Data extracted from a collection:
*** Block opens ***
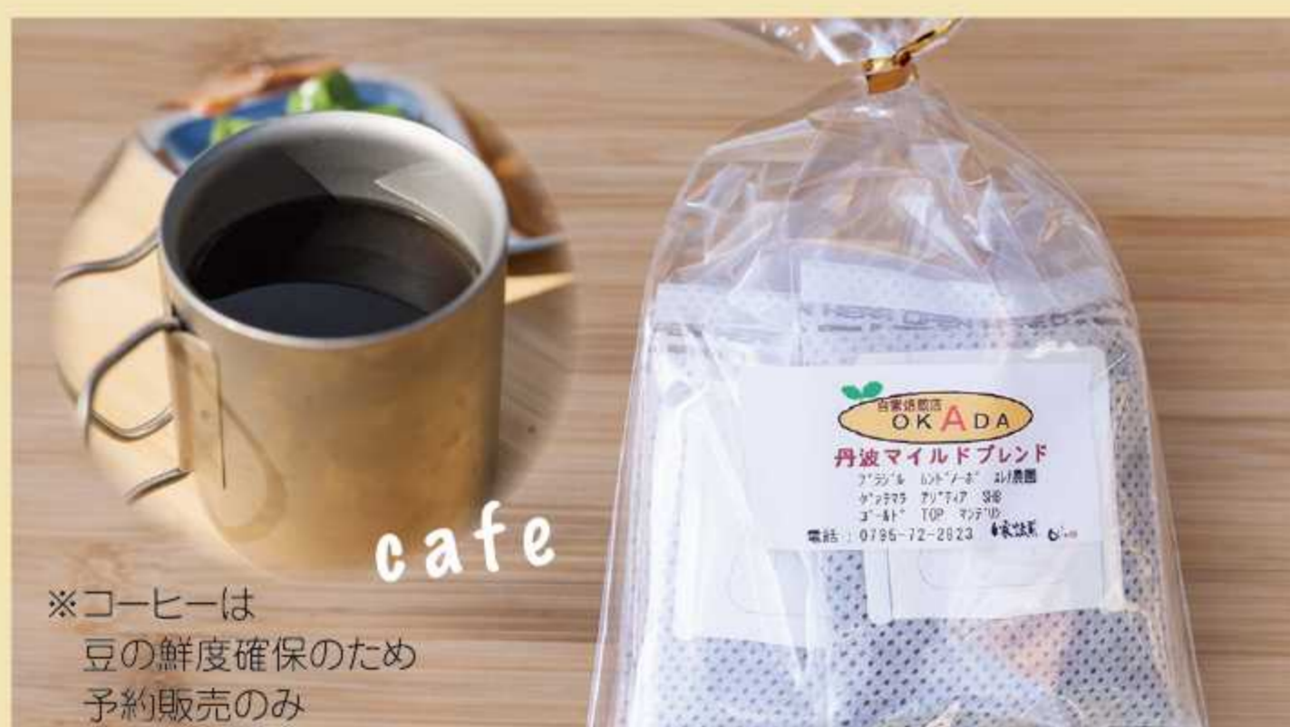
※コーヒーは 豆の鮮度確保のため 予約販売のみ
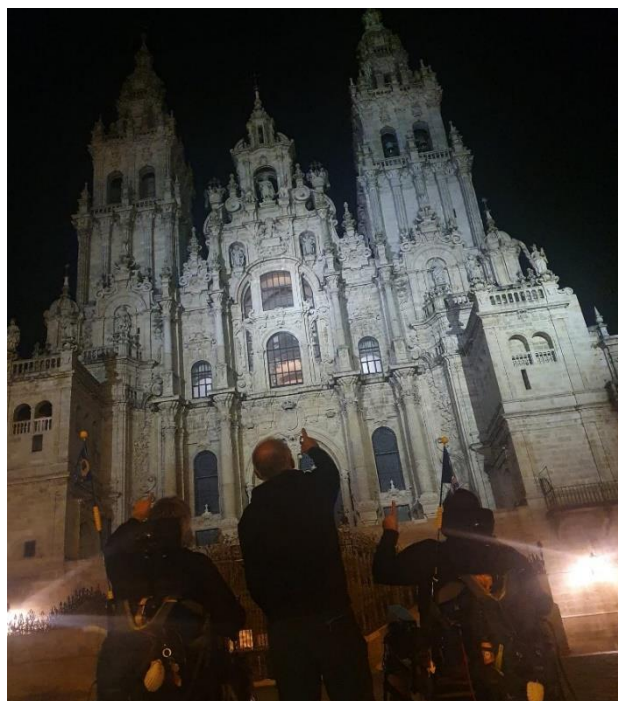
Imagen de la Catedral de Santiago de Compostela después de nuestra llegada

Aunque hemos sido testigos directos de que aún queda mucho por hacer, nos consta que la asociación Jacobea de Badajoz, y la asociación ADISCAM tienen gran interés por mejorar
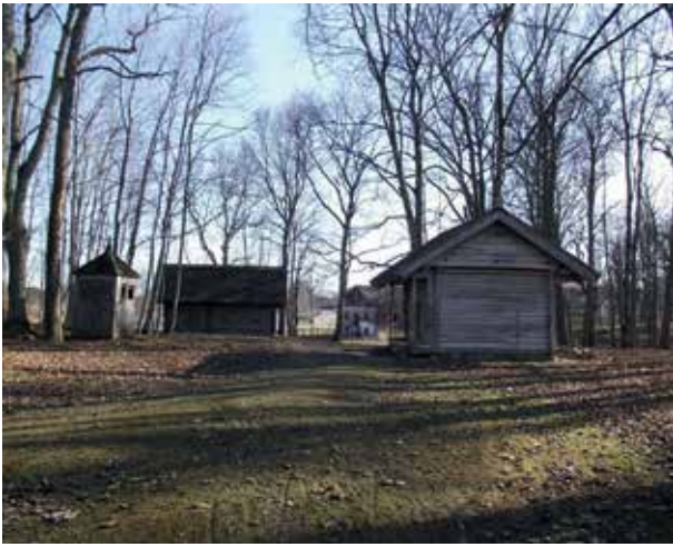
3. Aukštaitijos kaimo ekspozicija Rokiškio dvaro parke, 2013, in: Lietuvos Respublikos kultūros vertybių registras, unikalus objekto kodas 1010, FF606, [interaktyvus], [žiūrėta 2018-03-01], https://kvr.kpd.lt/#/static-heritage-search

Exhibits of an Aukštaitija village in the Rokiškis manor park
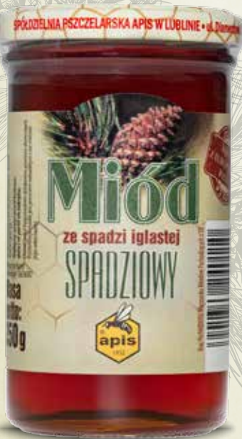
Miód spadziowy 350 g
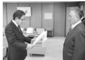
表彰状の伝達を受ける政氏氏

種統計資料の整備に多大な貢献をされました。このことが評価され、このたびの受賞となりました。
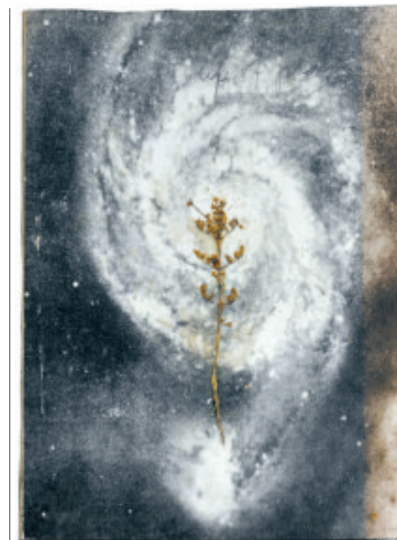
'Der gestimte Himmel über uns und das moarische Gesetz in uns' (1969-2009).

te begrijpen. Daarom deed ik deze boxen, die hij diorama's noemt, zo: 'Het zijn nissen vol open plekken in het bos, die uit elkaar voortvloeien en een uitgestrekte, lege verte schetsen. Hier en daar heb ik fasen van een Duits leven opgenomen (...)'.
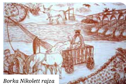
Borka Nikolett rajza

A Csemadok Országos Tanácsa megbízásából a Csemadok Rimaszombati Területi Választmánya hirdette meg a XIX. Ferenczy István Országos Képzőművészeti versenyt. A versenyre három témában várták az alkotásokat: Blaha Lujza portré - a művész nő születésének 170. évfordulója tiszteletére, Hungarikumok, Illusztráció Fekete István műveihez - az író születésének 120. évfordulója tiszteletére.
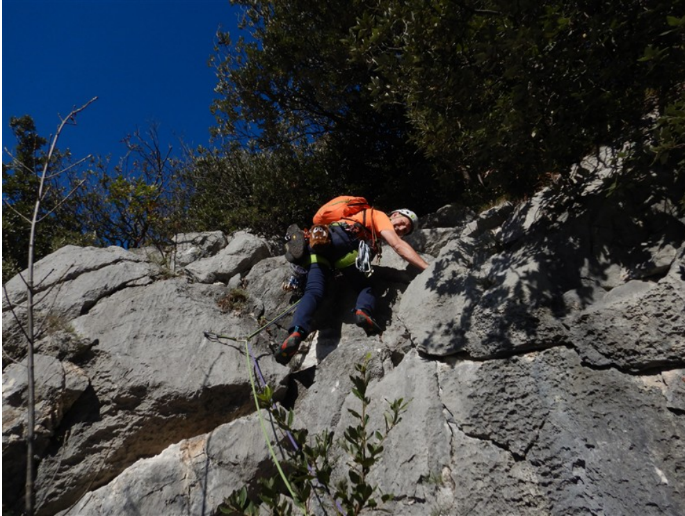
Partenza quinta lunghezza
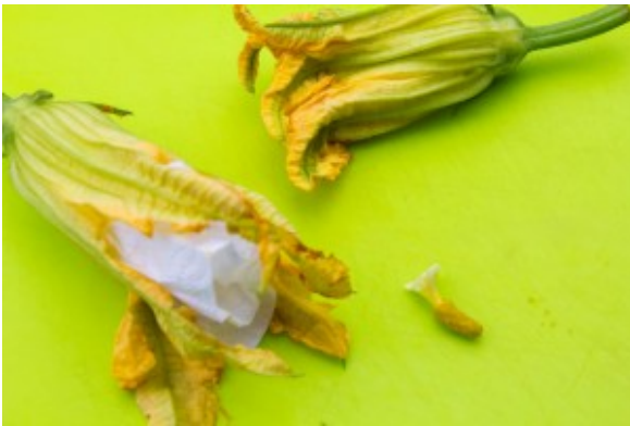
Otez les pistils
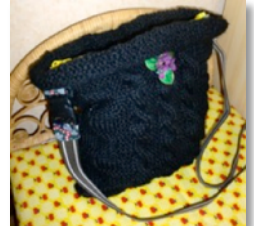
毛糸のバッグ ③家具の松塚 2,000円
*** Block closes ***
The task>
A verbatim copy of the records is expected, from their first line through the line with "Aunque hemos sido", inclusive, with the pictures removed.

Result for this exercise>
※コーヒーは 豆の鮮度確保のため 予約販売のみ
Imagen de la Catedral de Santiago de Compostela después de nuestra llegada

Aunque hemos sido testigos directos de que aún queda mucho por hacer, nos consta que la asociación Jacobea de Badajoz, y la asociación ADISCAM tienen gran interés por mejorar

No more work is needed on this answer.